The economic impact of a new hospital extends beyond the hospital itself. With its large workforce and ability to attract people from a wide area, a hospital can have a tremendous impact on the community in which it is located. It can spawn a variety of other businesses servicing the local population, from non-hospital medical services to cafes.

This increased economic activity not only injects life into an area and makes it more appealing, but it also creates even more jobs. A new hospital can also trigger new transport infrastructure, a further boost for the area.

The local property market

How does a new hospital impact on the local property market? Firstly, it could increase the demand for housing in the area, both from people who work at the hospital during or post construction, and from people who value living close to medical facilities.

New research has found that health infrastructure is a key driver of where Australians will choose to live, surpassing employment as the most essential consideration.

In a survey of more than 1,000 people by MWH Global, respondents were asked ‘Which of the following would improve the quality of your life if they were in closer proximity to you?’ The option ‘Better access to hospital/specialist medical care/24-hour medical care’ was chosen by 53 per cent of respondents.

The extra demand for housing triggered by a new hospital could put upward pressure on rents and property prices in the surrounding areas. And these areas should continue to experience the benefit of increased demand well into the future, fundamentally shifting the nature of the local market.

Any risks?

With the amount of people coming in and out of a hospital, there is a risk that increased road traffic could affect some properties in the immediate area. Previously quiet areas could suddenly experience more noise and congestion, devaluing properties.

Hospitals by their very nature can attract a certain degree of anti-social behaviour, which can spill out into local areas.

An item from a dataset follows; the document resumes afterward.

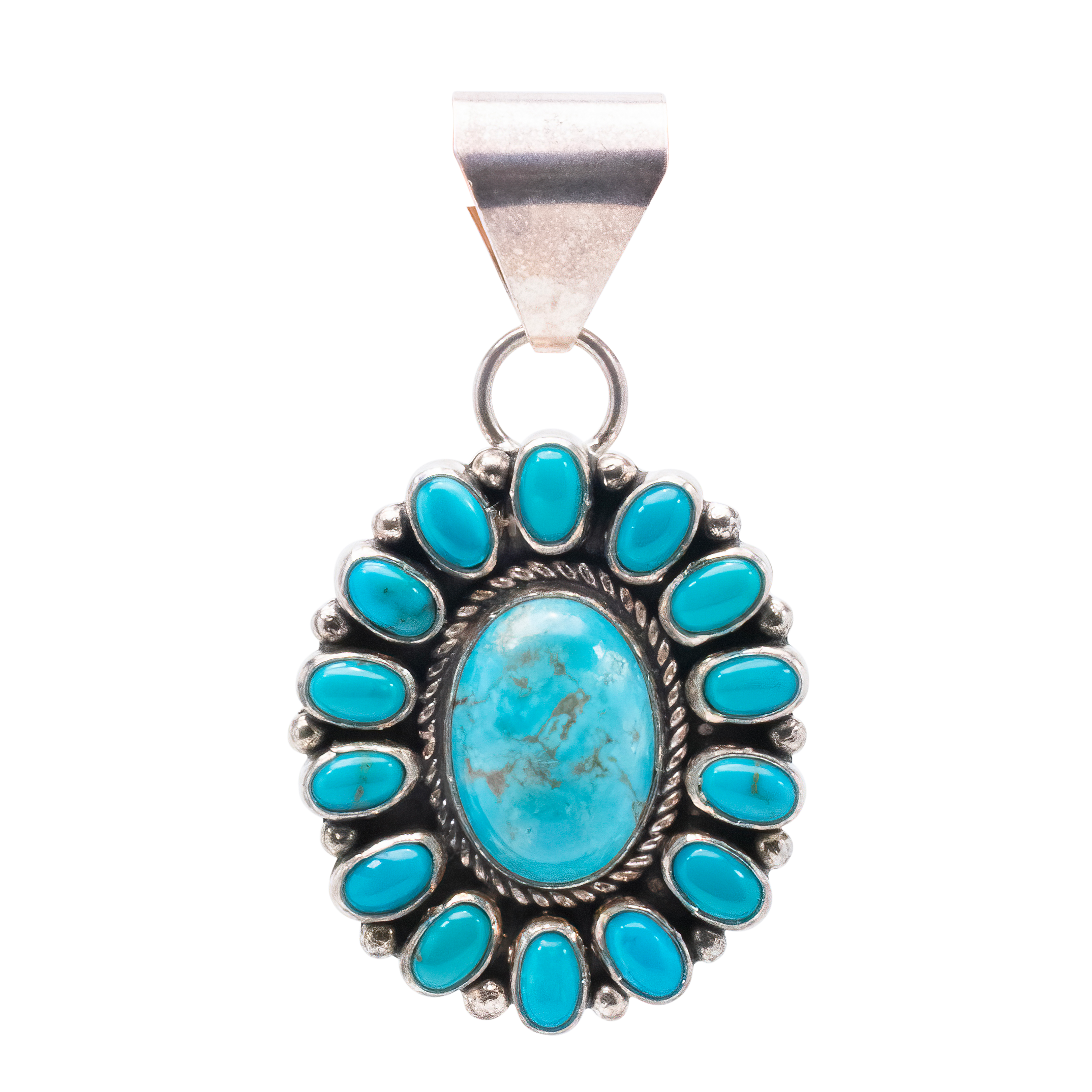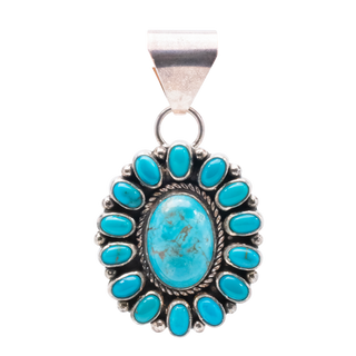 Embrace the natural beauty of Nevada Turquoise with this stunning cluster pendant by Navajo artist Erma Arviso. Sourced from the Emerald Valley Mine in southwestern Nevada, this turquoise exhibits a spectrum of shades wrapped in bright sterling silver twists and drops. This pendant not only accessorizes, it also pays homage to the rich tapestry of Navajo culture and the landscapes of the American Southwest.

This is especially true for hospitals in inner-city locations that report high incidents of drunkenness and violent conduct.

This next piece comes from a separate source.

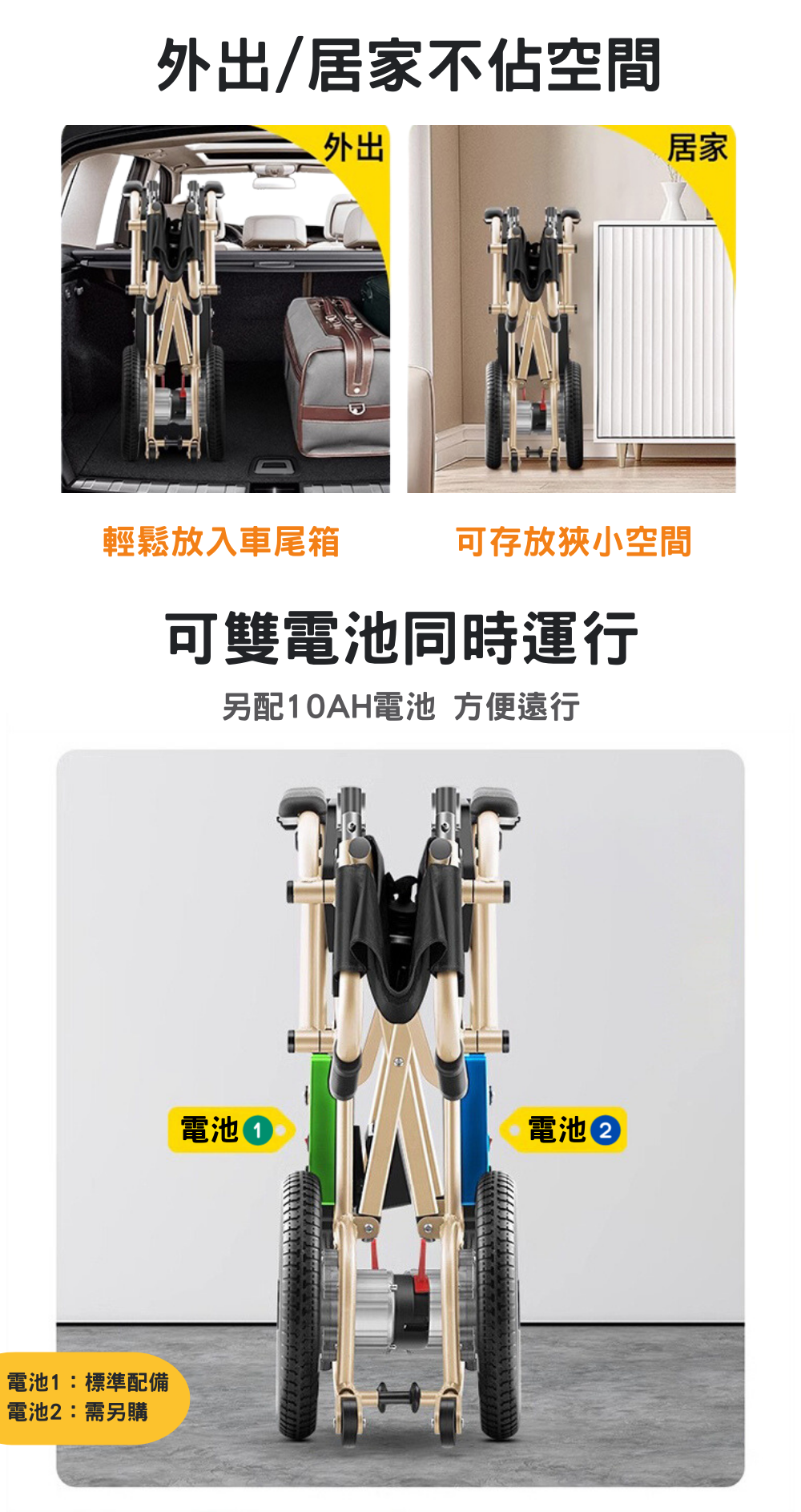 ● 配備1或2顆10A鋰電池,每顆可行駛約13~18公里。

Could a new hospital encourage new housing developments that flood the market? While developers may be encouraged to build apartment complexes and other housing to cater to hospital staff, limited land supply often curtails the amount of development that is possible.

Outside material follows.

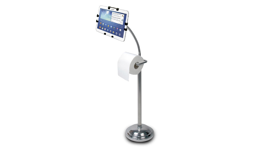 For these nonconformists, there is the CAT Digital iPad Holder. The angle at which your tablet is displayed is fully adjustable, and it even comes with its own toilet paper dispenser.

Is there a risk that a hospital closes down? Given the significant investment that goes into a new hospital and the vital services it provides, it’s unlikely that one would suddenly close down. But over many years, it’s possible that a hospital could scale back or move to another location. If this happened, there could be negative consequences for the local area.

Conclusion

A new hospital can certainly change the economic landscape of an area and therefore have a significant impact on the local property market. Buying close to the site of a future hospital can prove to be a wise investment, especially in the parts that will have good transport links, but the risks need to be carefully evaluated.